The domestic mainstream market strives for steady growth. With Stellantis exports, it is expected that new C10 and C16 models will be released in 2026. The 2024H2 T03 and C10 models are expected to be exported. The sales volume is expected to be 24.4/44.3/690,000 units in 2024-2026, corresponding to a total revenue of 269/507/71.4 billion yuan, an increase of 60%/89%/41% over the previous year; based on increased scale effects, technology iteration and raw material cost reduction, which is expected to be driven by increased scale effects, technology iteration and raw material cost reduction Bicycle costs have declined. Non-GAAP net profit for 2024-2026 is expected to be -30/-11/900 million yuan, and the current stock price of HK$23.45 is 1.1/0.6/0.5 times PS in 2024-2026. With the launch of new car cycles such as the C10 and C16, the domestic market share is striving to rise steadily, and is expected to narrow losses in the domestic automobile sales business after the industry pattern stabilizes. At the same time, overseas automobile sales are expected to start in 2024H2 and ensure stable profitability. The company as a whole is expected to usher in profit volume in 2026, and the first coverage will be given a “buy” rating.
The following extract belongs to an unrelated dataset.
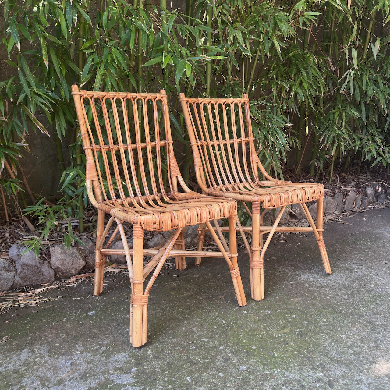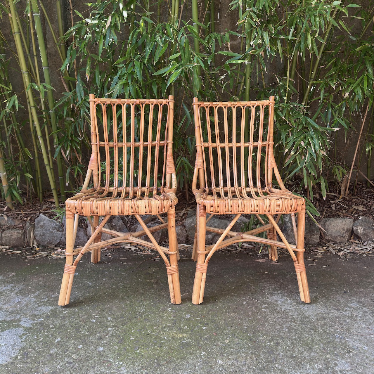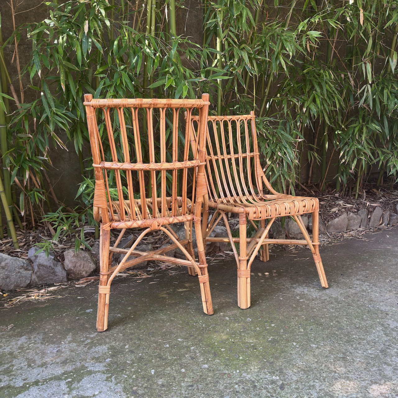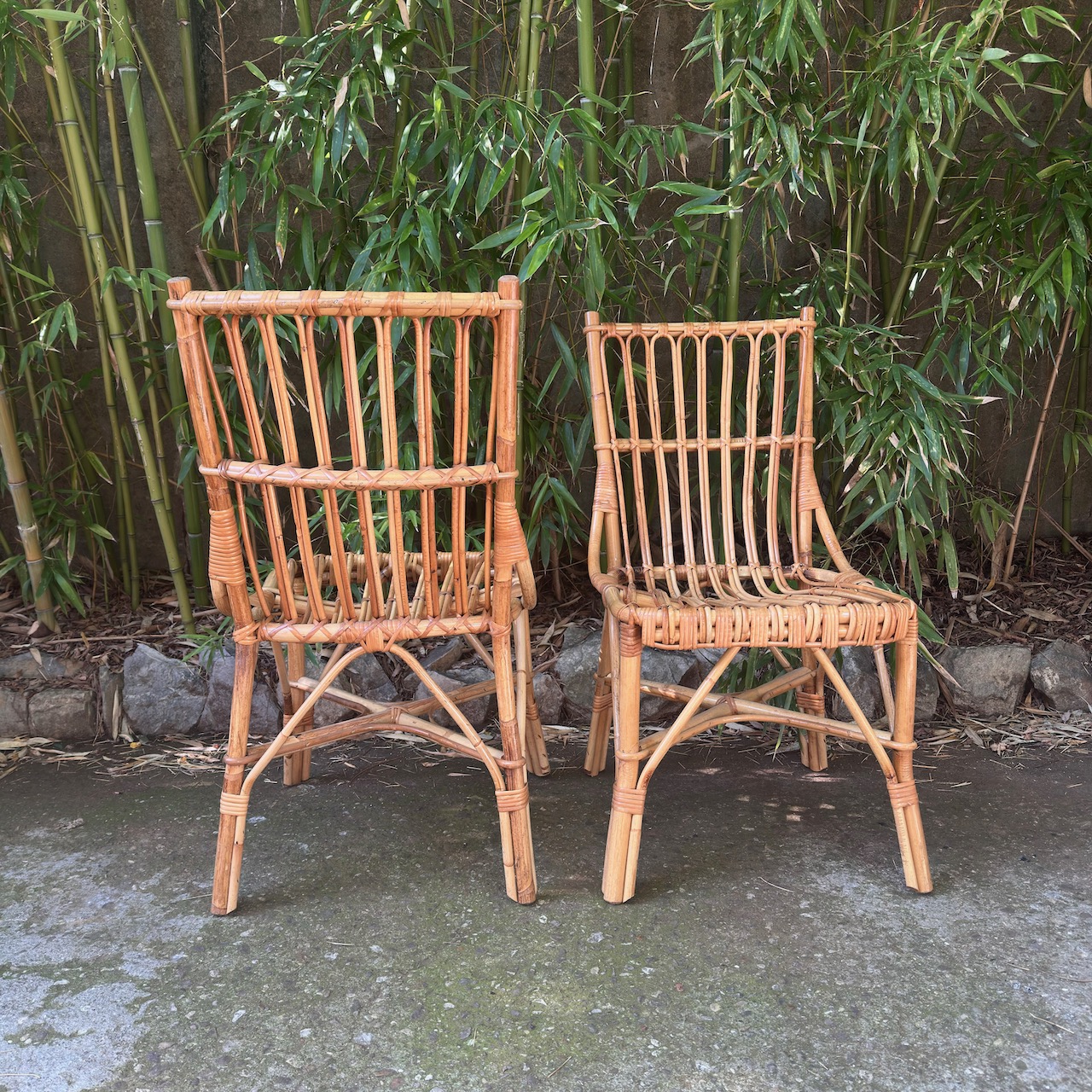 Sedie Gino e Giada, in bambù piegato a caldo e vimini intrecciato. Italia, 1960
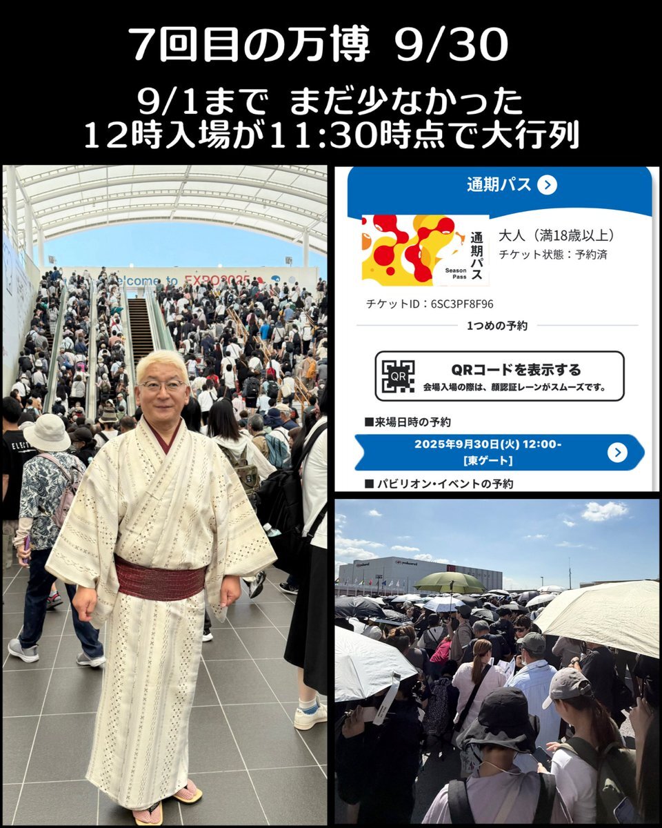 7回目の万博 9/30 9/1にまだ少なかった 12時入場が 11:30時点で大行列😱 . #万博 #大阪関西万博 #expo #expo2025 #expo2025osaka #expo2025japan #大阪万博 #万国博覧会 #夢洲 #ゆめしま #男着物 #男着物コーディネート #着物男子 #着物男子コーデ #着物旅行 #着物旅行家 #着物で万博 #夏着物 pic.x.com/UEksytZ3hI

Manage R&D and production accurately and control to ensure product cost performance advantages The company adopts a “pure electricity+range extension” dual power strategy, focusing on the mainstream price range of 100,000 to 200,000 yuan for domestic passenger cars. Currently, there are 4 models in total: T03, C11, C01, and C10, which will gradually expand the price range coverage in the future.

The core competitive advantage of the product is high cost performance. Compared with competitors in the industry, it has certain advantages in terms of price, wheelbase space, and intelligence. It stems from its strong cost control capability driven by multiple dimensions of management, R&D, and production. (1) Management: Core executives have rich relevant experience, and the management structure is flat. SVP and VP all directly connect with CEO Zhu Jiangming. (2) R&D: The R&D path is clear, the R&D efficiency is high, the generalization rate of the platform is 88%, and the cost of global self-developed driving software and hardware technology is reduced; (3) Production: self-developed and self-production reduces vehicle manufacturing costs, and other components other than batteries, smart chips, and traditional interior and exterior are basically self-produced; (4) Channels: mainly dealers, accounting for 85% of the number of distribution stores, and there is still room for improvement in coverage and sales efficiency.

Using Stellantis channels, after-sales service and brands to drive overseas sales expansion and stable profitability, Stellantis Group is the second-largest automobile group in Europe. It has 16 major automobile brands and channel stores all over Europe. The company and Stellantis Group each established “Zero Run International” as a joint venture at a ratio of 51:49. This joint venture exclusively owns the right to sell Zero Sports cars overseas. The company's products have significant cost performance advantages over mainstream European electric vehicles, and it is expected that delivery of new cars to the European market will begin in the second half of 2024. Using Stellantis Group channels, after-sales service resources, and brand influence, the company is expected to achieve a faster rise in overseas sales, and the asset-light overseas cooperation model ensures stable profitability.

Risk warning: Product launches are not as good as expected, production capacity and supply chain risks, and NEV growth is not as good as expected.

The translation is provided by third-party software.